Most probably a timing problem: I guess the slapd restart sometimes take a few seconds more to start due to VM load or load by other processes.

Wait longer for slapd to be running again?
At least add more debug output with time-stamps to help diagnose failures?
Comment 8 Dmitry Galkin univentionstaff 2015-01-12 13:00:07 CET
(In reply to Philipp Hahn from comment #7)
> Most probably a timing problem: I guess the slapd restart sometimes take a
> few seconds more to start due to VM load or load by other processes.
> 
> Wait longer for slapd to be running again?
> At least add more debug output with time-stamps to help diagnose failures?

Sometimes actually it fails without performing the 'ldap/client/retry/count' number of attempts, like in here: http://jenkins.knut.univention.de:8080/job/UCS-4.0/job/UCS-4.0-0/job/Autotest%20MultiEnv/110/SambaVersion=s4,Systemrolle=slave/testReport/junit/10_ldap/28reconnect_univention-ldapsearch/test/

where the actual 'ldap/client/retry/count' is 10 initially, test seem to fail after just one ldapsearch attempt. Added more debug output for now.
Comment 9 Dmitry Galkin univentionstaff 2015-01-16 12:45:21 CET
(In reply to Dmitry Galkin from comment #8)
> Sometimes actually it fails without performing the 'ldap/client/retry/count'
> number of attempts, 
> 
> where the actual 'ldap/client/retry/count' is 10 initially, test seem to
> fail after just one ldapsearch attempt. Added more debug output for now.

It seems that univention-ldapsearch sometimes starts before the slapd being completely stopped --> thus search is interrupted with slapd shutdown and test fails.

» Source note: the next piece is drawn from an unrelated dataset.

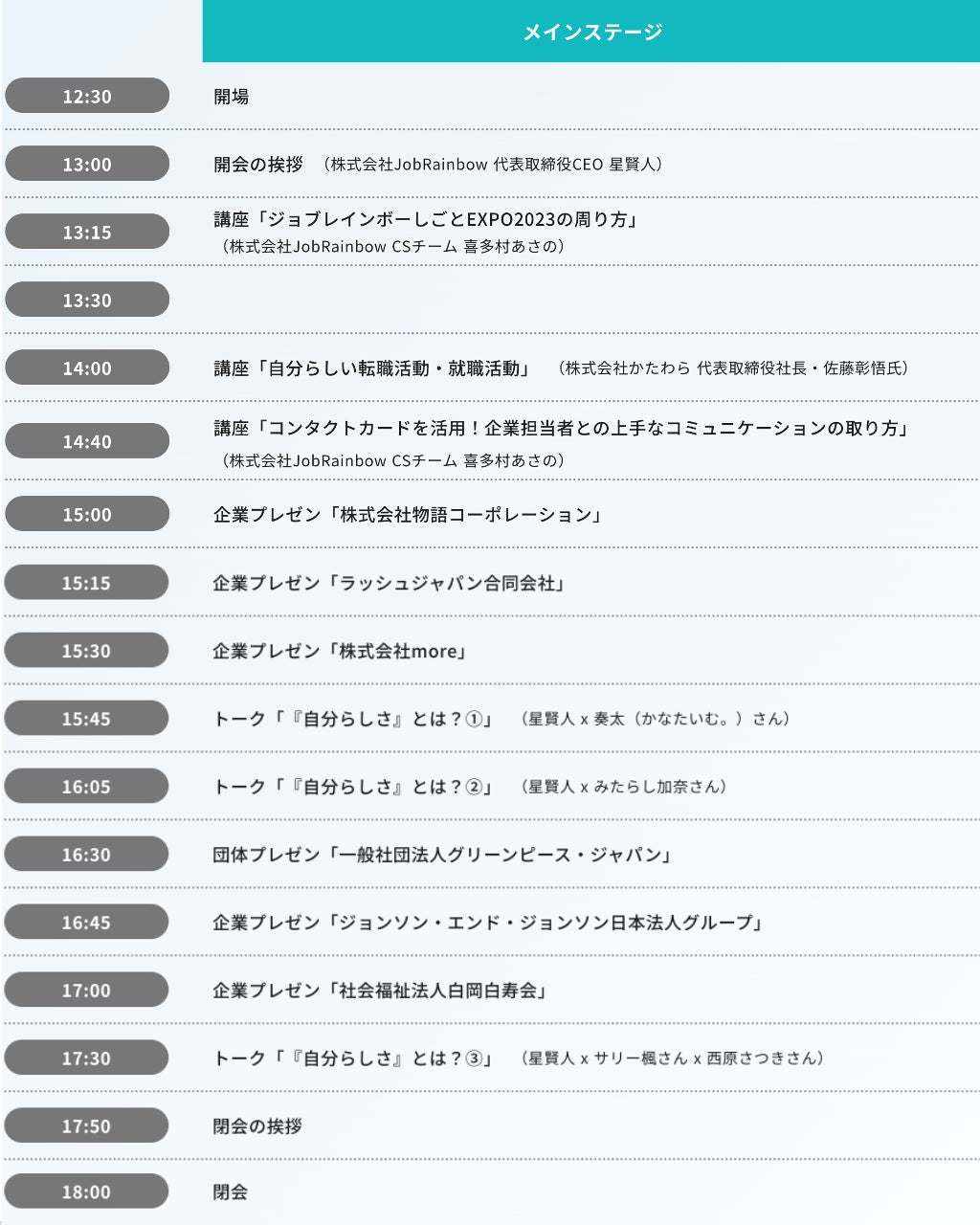 メインステージと企業ブース*は時間ごとにコンテンツをご用意しています。

I've changed slapd stop to force-stop and univention-ldapsearch is now started only when server is stopped + 2 secs sleep. Also adjusted some other timings.

r57347:
  * Bug #37299: 10_ldap/28reconnect_univention-ldapsearch: don't perform
    univention-ldapsearch before slapd being stopped. Timings adjustment.
Comment 10 Philipp Hahn univentionstaff 2015-01-23 10:11:40 CET
Failed again @ s3-master: <http://jenkins.knut.univention.de:8080/job/UCS-4.0/job/UCS-4.0-0/job/Autotest%20MultiEnv/121/SambaVersion=s3,Systemrolle=master/testReport/junit/10_ldap/28reconnect_univention-ldapsearch/test/>

debug 2015-01-22 18:59:59	 Performing univention-ldapsearch
ldap_start_tls: Can't contact LDAP server (-1)
error 2015-01-22 18:59:59	 Search was not successful: ldap/client/retry/count=11 and slapd restart delay is 7
Comment 11 Dmitry Galkin univentionstaff 2015-01-27 12:57:33 CET
I've re-wrote the test in python:

r57569:
  * Bug #37299: 10_ldap/26reconnect_univention_ldapsearch: switched test to
    python.

(Probably, the part with Process running with timeout can be done better.)

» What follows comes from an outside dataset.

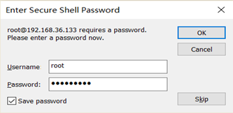 输入root密码,并Save password,点击OK,成功连接到虚拟机

The test still fails sometimes, mostly in Amazon EC2 (http://jenkins.knut.univention.de:8080/job/UCS-4.0/job/UCS-4.0-0/job/Autotest%20MultiEnv/125/SambaVersion=s3,Systemrolle=master/testReport/junit/10_ldap/26reconnect_univention_ldapsearch/test/) and rarely in local dev envs.

I've opened Bug #37631 as univention-ldapsearch performs only 1 attempt instead of specified via UCR var.
Comment 12 Stefan Gohmann univentionstaff 2015-02-04 06:11:21 CET
(In reply to Dmitry Galkin from comment #11)
> I've re-wrote the test in python:
> 
> r57569:
>   * Bug #37299: 10_ldap/26reconnect_univention_ldapsearch: switched test to
>     python.
> 
> (Probably, the part with Process running with timeout can be done better.)
> 
> 
> The test still fails sometimes, mostly in Amazon EC2
> (http://jenkins.knut.univention.de:8080/job/UCS-4.0/job/UCS-4.0-0/job/
> Autotest%20MultiEnv/125/SambaVersion=s3,Systemrolle=master/testReport/junit/
> 10_ldap/26reconnect_univention_ldapsearch/test/) and rarely in local dev
> envs.
> 
> I've opened Bug #37631 as univention-ldapsearch performs only 1 attempt
> instead of specified via UCR var.

OK, if the test case fails and Bug #37631 is the reason, we should disable the test case until Bug #37631 has been fixed. I'll tag Bug #37631 to 4.0-1-errata.
Comment 13 Dmitry Galkin univentionstaff 2015-02-06 11:24:46 CET
(In reply to Stefan Gohmann from comment #12)
> OK, if the test case fails and Bug #37631 is the reason, we should disable
> the test case until Bug #37631 has been fixed. I'll tag Bug #37631 to
> 4.0-1-errata.

r57818:
  * 10_ldap/26reconnect_univention_ldapsearch: skip test (Bug #37299).
Comment 14 Stefan Gohmann univentionstaff 2016-10-12 07:48:19 CEST
For this bug is no separate QA needed.